Проект великих кремлей
Вернувшись, Баженов шагнул сразу к монографическому замыслу — Великому Кремлёвскому дворцу. Элевация предполагала непрерывный «греческий» периптер длиной добрую версту. В чертежах читаются филлеры (заполнители) в подпружных арках, подстропильные фермы из уральского железа, а венчающий аттик (невысокая надстройка) решён в духе фламандского маньеризма. Воображение Екатерины грелась масштабом, но казна дрогнула под давлением турецкой кампании, грандиозная перспектива осталась на ватмане. Сметы с царскими резолюциями лежат в фонде 196-м, и каждый штамп с двуглавым орлом словно вздох неисполненной мечты.
Дворцовые паузы
Невыполненный Кремль не сломил архитектора. В усадьбе Царицыно он предпринял рискованное слияние готических фиалов и античной каннелюры. Глиняные лекала, найденные в раскопах на месте старой кирпичной ямы, показывают, как мастер любил «работу огня»: руст из обожжённого клинкера, филёнки с зелёной поливой, мерцающие в полуденном свете, словно чешуя сказочного ящера. Любопытно, что чертёж «Гранатовой башни» выполнен красной сепией, подчеркнувшей пряную декоративность проекта.
Пашков дом над городом
На холме, где Смоленская дорога катилась к Москва-реке, вырос Пашков дом. Его центральная ротонда напоминает барабан старинной астролябии: окна-люкарны, обрамлённые лопатками, словно деления циферблата. Внутренняя анфилада (череда сквозных залов) расправляется спиралью, поднимая зрителя к библиотеке, предназначенной для рукописей времен Нестора. Колонны ионического ордера прорисованы легкой резьбой, где каждый каннелюр подчеркивает вертикальный взлёт панорамы на фоне Каменного моста.
Эстет философии
В письмах к другу Фёдору Карлусу Баженов объяснял, что здание — «орган замкнутой симфонии». Его проектное кредо строилось на принципе «тактильного зрения»: рука скользит по контрурам быстрее глаза, позволяя заранее ощутить масштаб. Такой подход роднит мастера с теорией архитектоники Карло Лоджи, где понятие «абрис» (контур) выходит на роль мелодической темы.

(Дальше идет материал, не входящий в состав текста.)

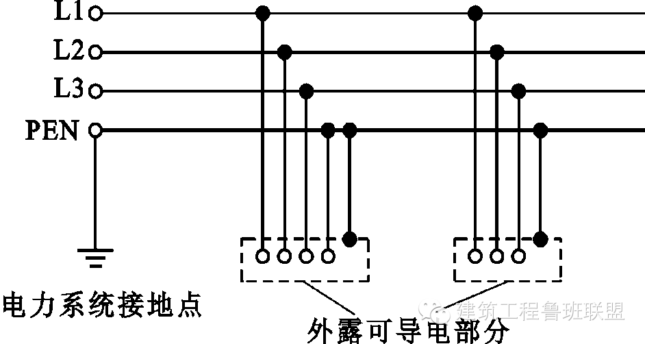 民用建筑常用的接地系统为TN系统,分为TN-S 、TN-C、TN-C-S三种形式。
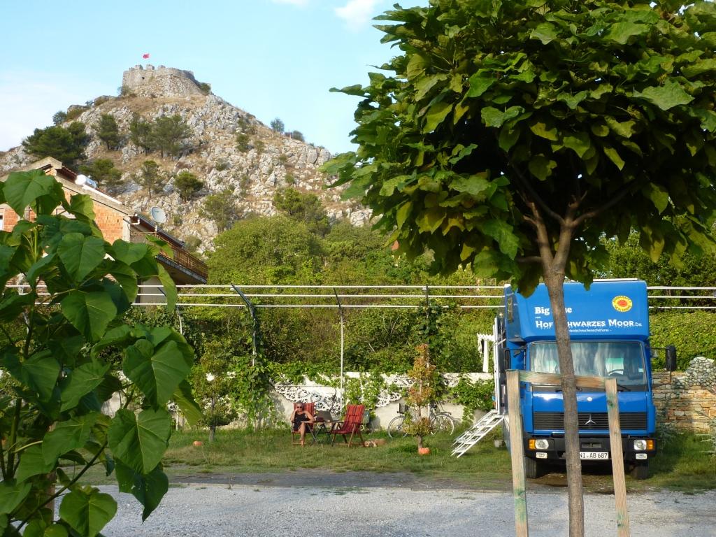 Wir entscheiden uns deshalb dieses Jahr für den Campingplatz Lejienda an der Südeinfahrt von Shkodra. Ein mit viel Liebe und künstlerischem Aufwand am Fuß der Rozafaburg betriebener Platz. Die Zuwegung und auch die Nachbarschaft muss man unter „albanisch im nicht positiven Sinn“ verbuchen. Leider. Dafür haben die hier einen exzellenten Pool, vielfältigste Einrichtungen für Alle und ein herausragendes Restaurant.
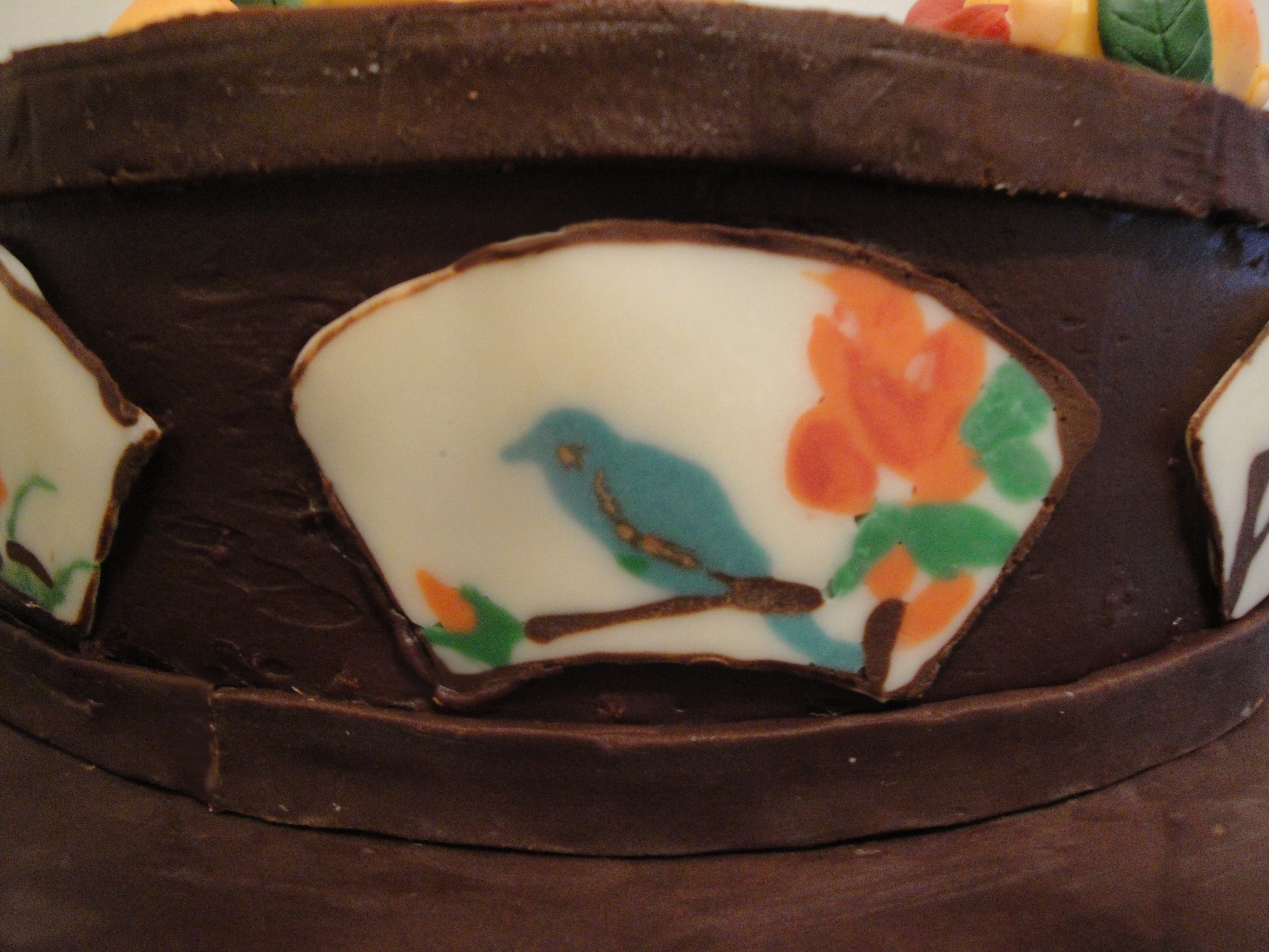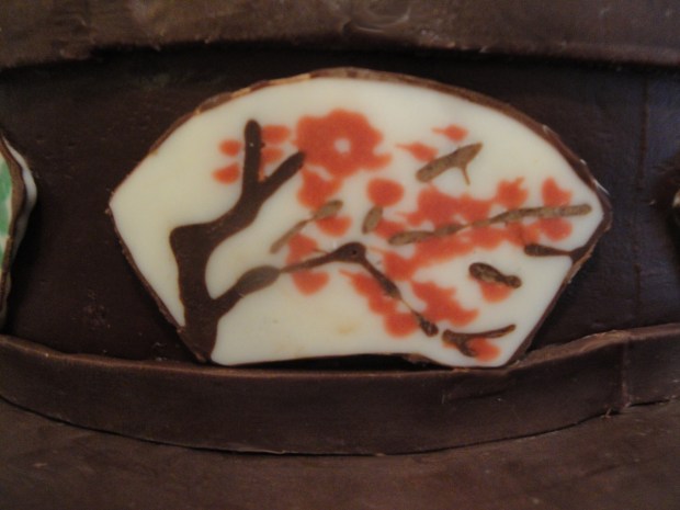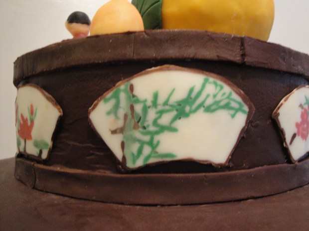Chinese trays and furniture were often decorated with ceramic pieces painted with colorful pictures. For the cake platform, 8 different fan shape ceramic like chocolate pieces, each individually piped by hand adorn the side of the cake.

Закат в Никитском переулке
Последние годы зодчий провёл в скромных комнатах дома Самoilова. Почерк стал чуть дрожать, но линии сохраняли внутренний подскок, будто струна клавесина. Он уже не ждал заказов, а комментировал молодым титулярным советникам чужие проекты, оставляя на полях лёгкие наброски монументальных серлиан.
Финал легенды
Когда гроб, покрытый тёмно-синим сукном, двигался к кладбищу Донского монастыря, ученики несли свёрнутые кальки — символ незавершённого дела. Сегодня фасады московских набережных всё ещё повторяют придуманный им силует: трёхчастное членение, ритм окон «два-один», стрельчатые кокошники поверх классицистского кордона. В этом живом узоре угадывается личная подпись Василия Баженова — уверенный росчерк, переживший хозяина и ставший улицам органичной памятью о человеке, мыслящем город размахом античного форума и темпераментом русского звонаря.